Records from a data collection
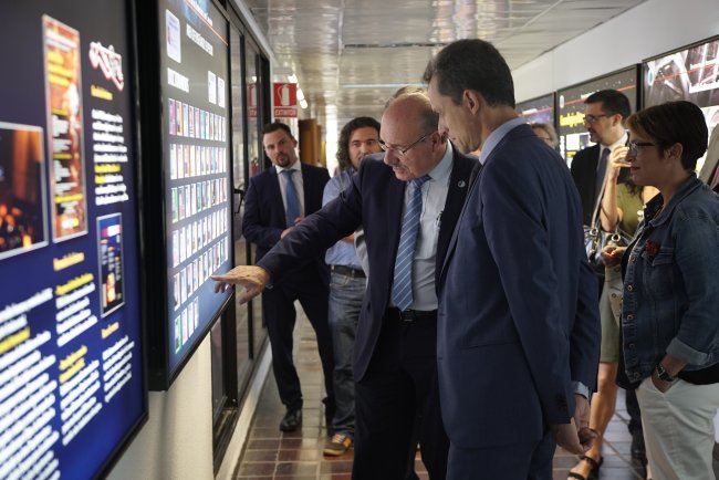 El director del IAC, Rafael Rebolo, muestra al Ministro de Ciencia, Innovación y Universidades, Pedro Duque, uno de los paneles con el personal del IAC. Crédito: Inés Bonet (IAC).
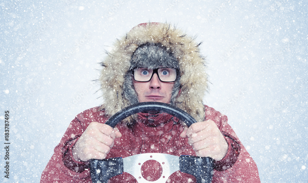 Man in winter clothes with a steering wheel, snow, blizzard. Concept car driver
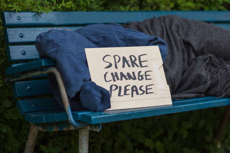 Homeless man on a park bench with a carboard sign
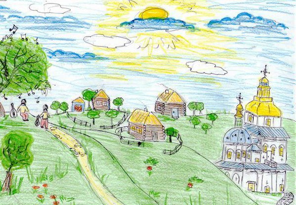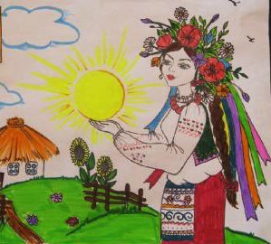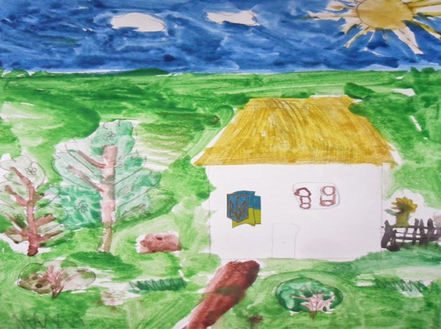 Маленькі волиняни малювали свої мрії про життя в єдиній Україні без війни. Синє небо, жовтий сонях, сині волошки, жовте сонце - чудове поєднання кольорів українського прапора. Тут же - заклики жити у мирі та дружбі.
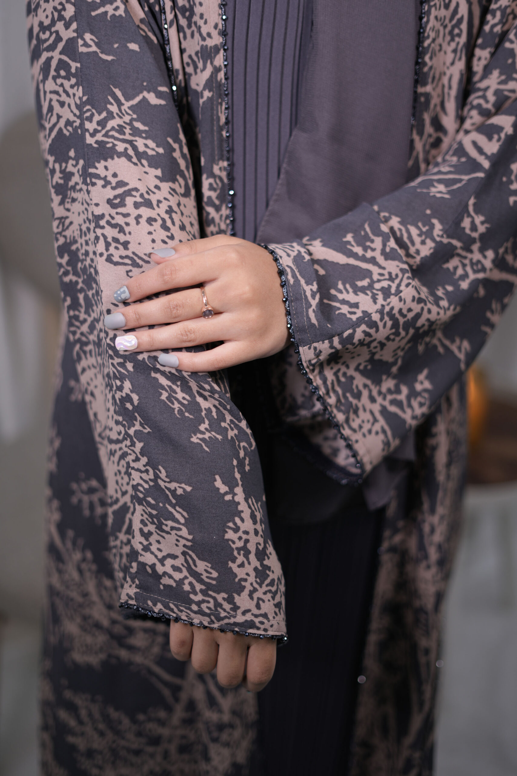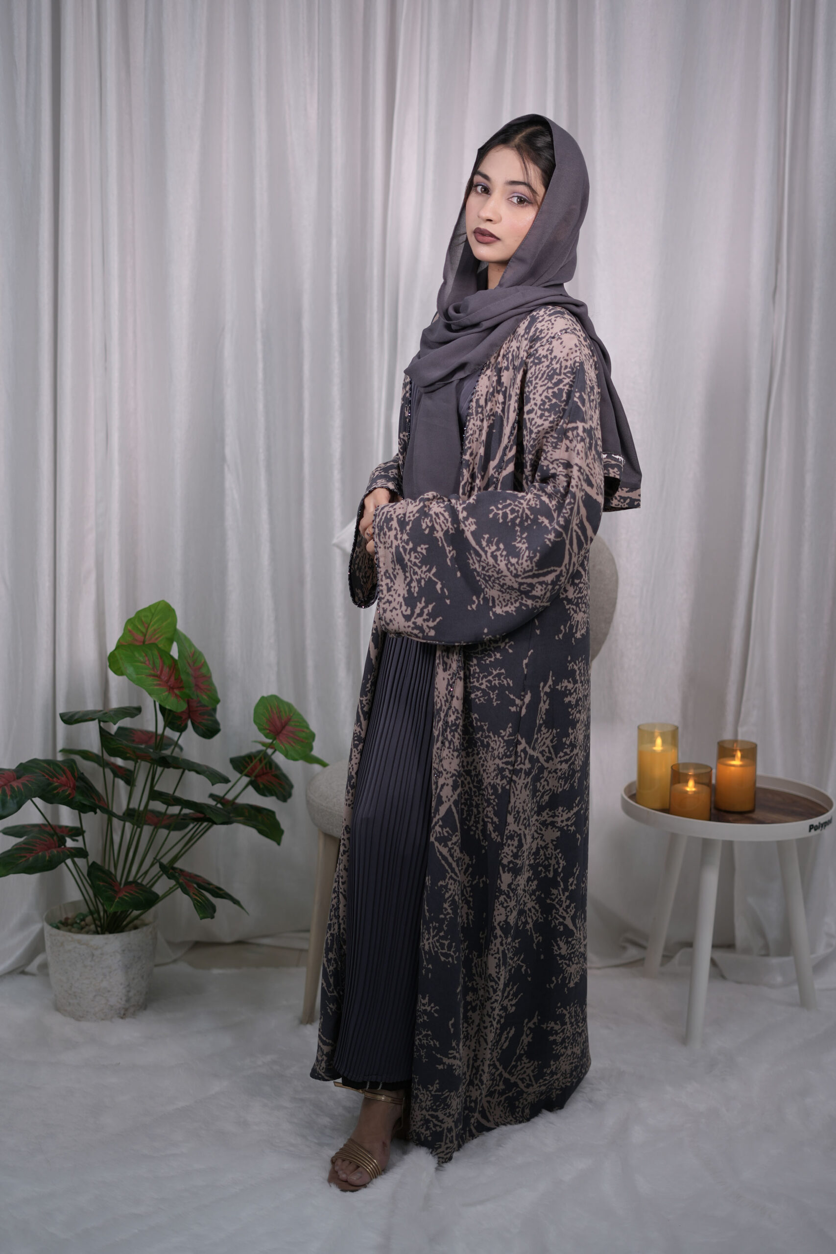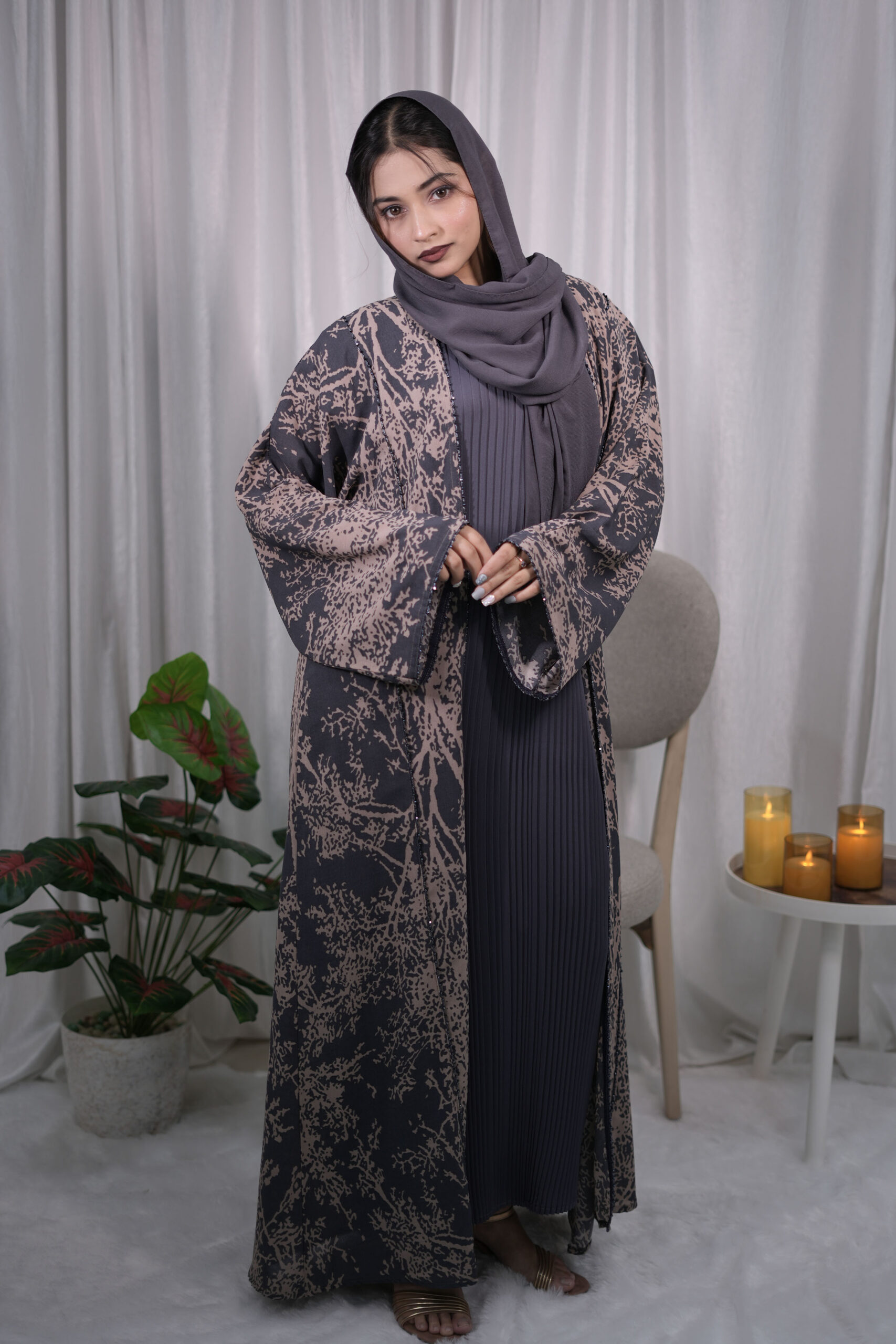 Graceful and contemporary, this Elegant Abaya with Beige Abstract Detailing combines modern styling with natural inspiration. Crafted from a soft, lightweight fabric, it drapes beautifully and allows effortless movement. The open-front design makes it perfect for layering, while wide sleeves enhance comfort and fluidity. Styled with a matching pleated inner dress in deep grey and a coordinating hijab, this ensemble transitions seamlessly from formal events to everyday elegance.
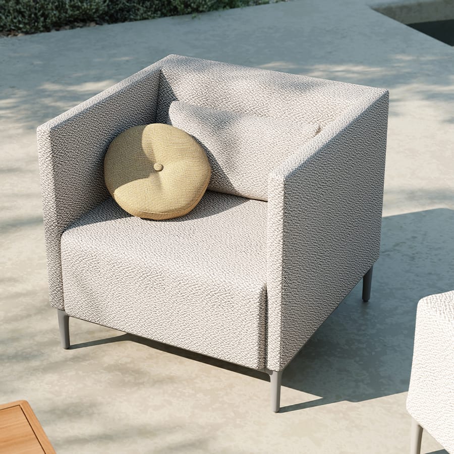 Aussi raffiné qu’un modèle d’intérieur, ce fauteuil club signé Stephane de Winter cumule les bons points : cadre en aluminium aux pieds effilés, assise généreuse au dossier enveloppant et légèrement incliné pour plus de confort, le tout revêtu d’un nouveau tissu texturé ultrachic, conçu pour la vie au grand air. À combiner avec le canapé club et le repose-pieds de la même collection. Plusieurs choix de revêtement textile sur commande.
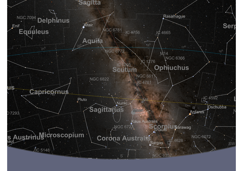 Visualize cenas astronômicas em diferentes projeções de mapas. Escolha fundos coloridos simples ou use fundos fotorrealistas para dar contexto às posições astronômicas precisas, seja especificadas manualmente ou calculadas para qualquer local e data.
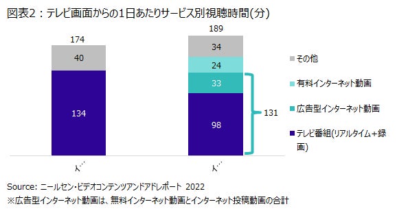 まだテレビ画面でのインターネット動画の利用が浸透していない印象を受けるかもしれませんが、テレビ画面でインターネット動画を視聴する人に絞ってみると、インターネット動画サービスの視聴時間の割合は既にテレビ画面での全視聴時間のうち3割程度を占めています。テレビ画面からのインターネット動画の視聴時間が今後さらに増加すると、リアルタイム視聴や録画テレビ番組視聴などの視聴時間が減少する可能性があることで、テレビ画面での消費者とコミュニケーションを取る接点が減少することを懸念しているマーケティング担当者も多いのではないでしょうか。実際に、リアルタイムと録画テレビ番組の視聴時間は、テレビ画面からインターネット動画を視聴しない人では1日あたり134分であるのに対し、インターネット動画を視聴する人は98分と視聴しない人より短くなっています(図表2)。
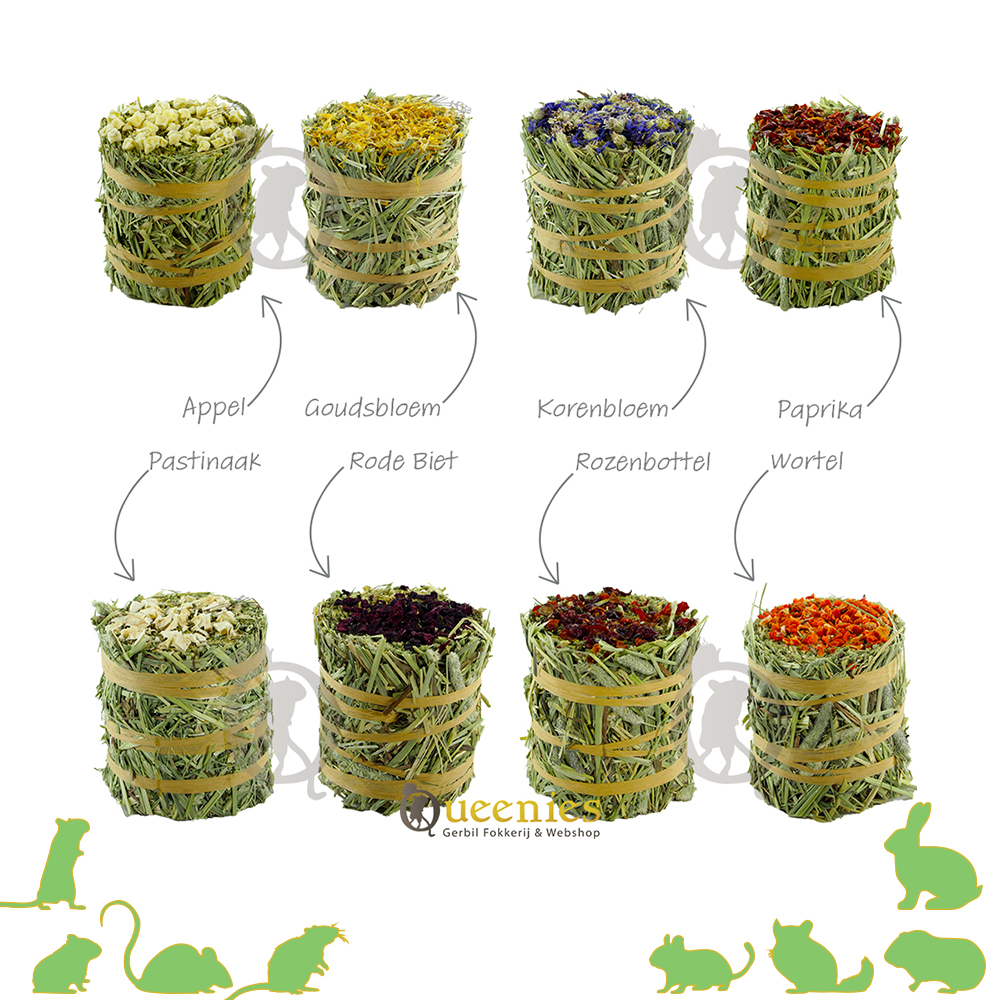 Timothy Hooi rol 100 gram –8 verschillende smaken - Gezonde Vezelrijke Traktatie voor Knaagdieren en Konijnen!
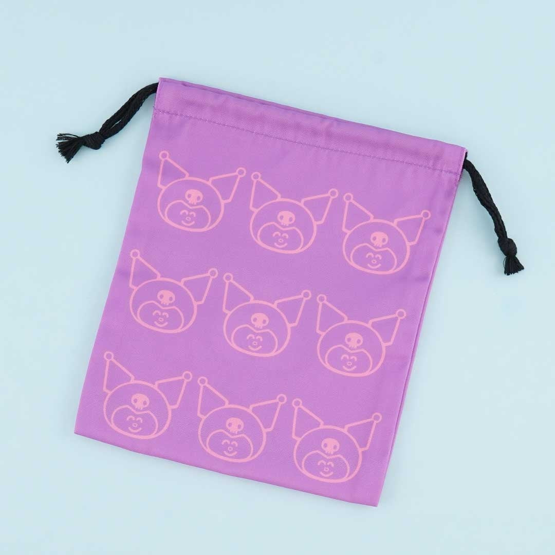 A kawaii drawstring pouch decorated with prints of Kuromi
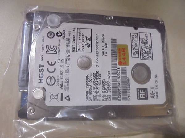 HGST昱科500GB SATA~硬碟裝在ASUS華碩筆記型電腦→貓咪曾於NB上跳躍~經華碩判定硬碟讀取異音無能力處理→已救回工作圖檔→套有塑膠袋的裸碟~新北市中和區-盛小姐【再置進原本包裝東芝SSD氣泡袋】
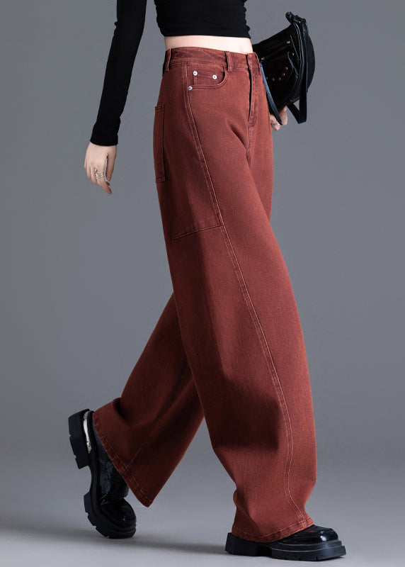 Fashion Brick Red Oversized Patchwork Denim Pants Spring
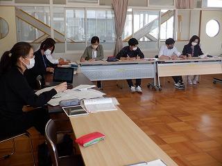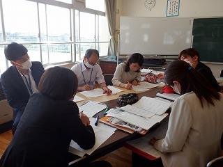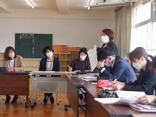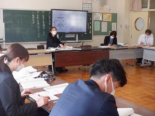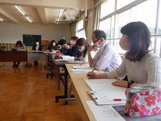 5月16日(月)3年2組の研究授業の後、「楽しく学び合う授業」をめざし、全教員で全体研修会を行いました。研究の重点に沿ってグループで協議したり、指導主事の講評を聞いたりして、自分の授業改善に向けて学び合いました。
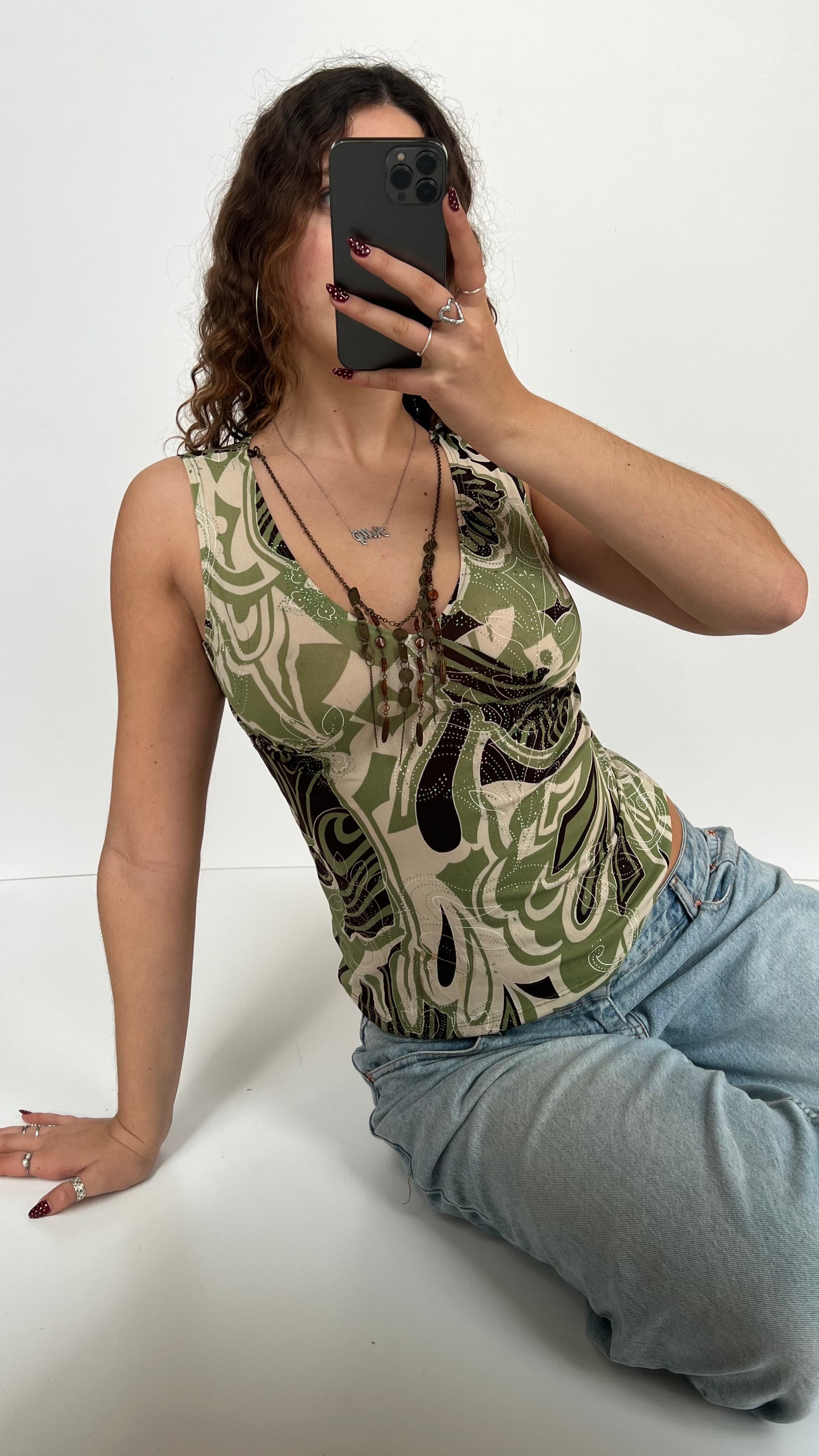 Green glitter patterned stretchy tank top with built in charm necklace.
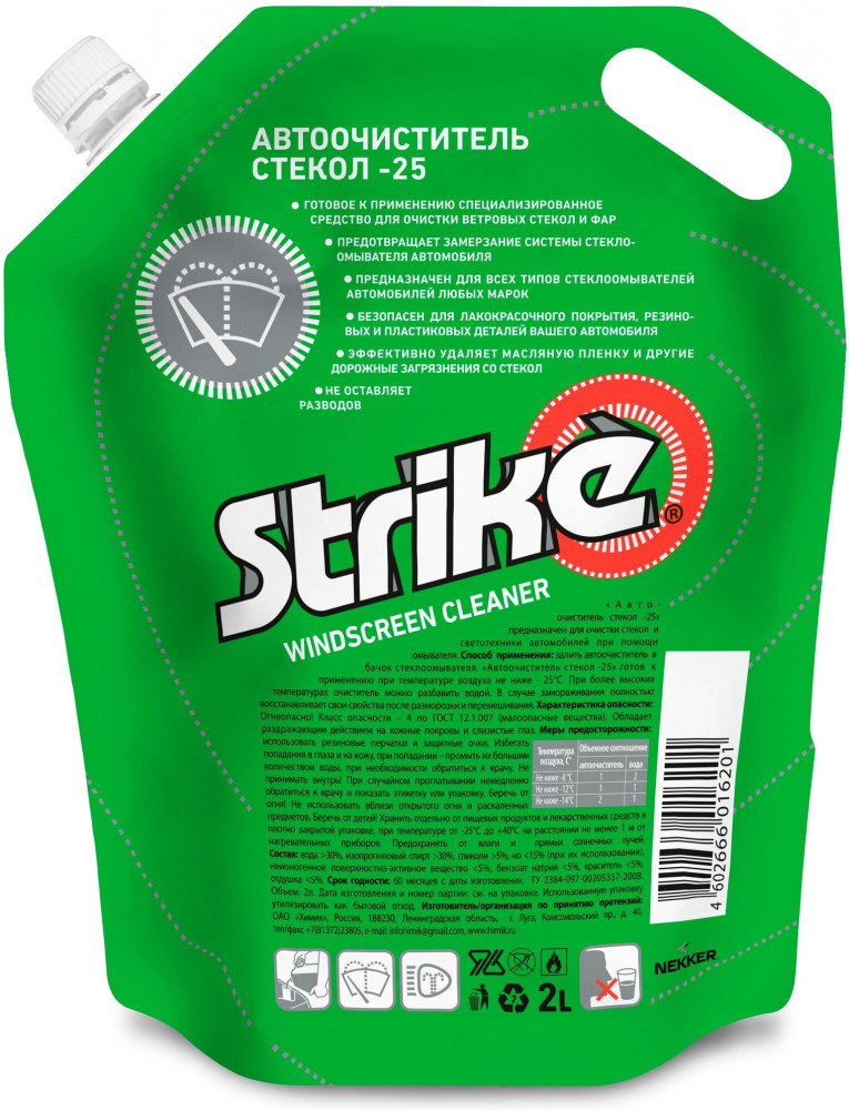 Автоочиститель стекол «Strike» создан для использования в зимний период и готов к применению при температуре воздуха до минус 25°С. Предотвращает замерзание системы стеклоомывателей автомобиля, благодаря высокому содержанию спиртов высшей степени очистки. Принципиально новый вид упаковки — многослойный ламинированный пакет, объем 2 литра. Для удобства переноски в верхней части сделана «Европросечка». Готовая к применению специализированная жидкость для стеклоомывателей ветровых автомобильных стекол и фар автомобилей любых марок. Предотвращает замерзание системы стеклоомывателя автомобиля. Эффективно удаляет дорожную грязь, масляную пленку, а так же другие дорожные загрязнения со стекол. Безопасен для лакокрасочного покрытия, резиновых и пластиковых деталей автомобиля.
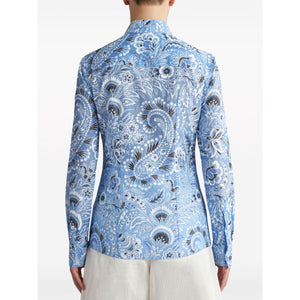 blue/white/black cotton-silk blend paisley print spread collar front button fastening long sleeves buttoned cuffs straight hem Cotton and silk blend shirt Size and Fit - This piece fits true to size. We recommend you get your regular size. Model is 1,75m / 5ft 8in wearing size 40 (IT)
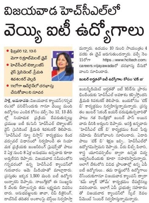 HCL Vijayawada Recruitment Drive for 1000 IT Jobs: A recruitment drive to be conducted on 12th, and 13th February in HCL Gannavaram. HCL Vice President Smt Siva Shankar has announced that eligible candidates can enrol before 11th Feruary through online at hcltech.com/careers/vijayawada. Aspirants who are having 2 to 8 years of experience in IT field and freshers aiming to get jobs in IT sector can register themselves for the HCL Vijayawada drive.

> _Brief_:
From the data above, retype only the lines starting with the line with "A kawaii drawstring" and going on through the line with "Fashion Brick Red", exactly, leaving out the pictures.

> _Written solution_:
 A kawaii drawstring pouch decorated with prints of Kuromi
 HGST昱科500GB SATA~硬碟裝在ASUS華碩筆記型電腦→貓咪曾於NB上跳躍~經華碩判定硬碟讀取異音無能力處理→已救回工作圖檔→套有塑膠袋的裸碟~新北市中和區-盛小姐【再置進原本包裝東芝SSD氣泡袋】
 Fashion Brick Red Oversized Patchwork Denim Pants Spring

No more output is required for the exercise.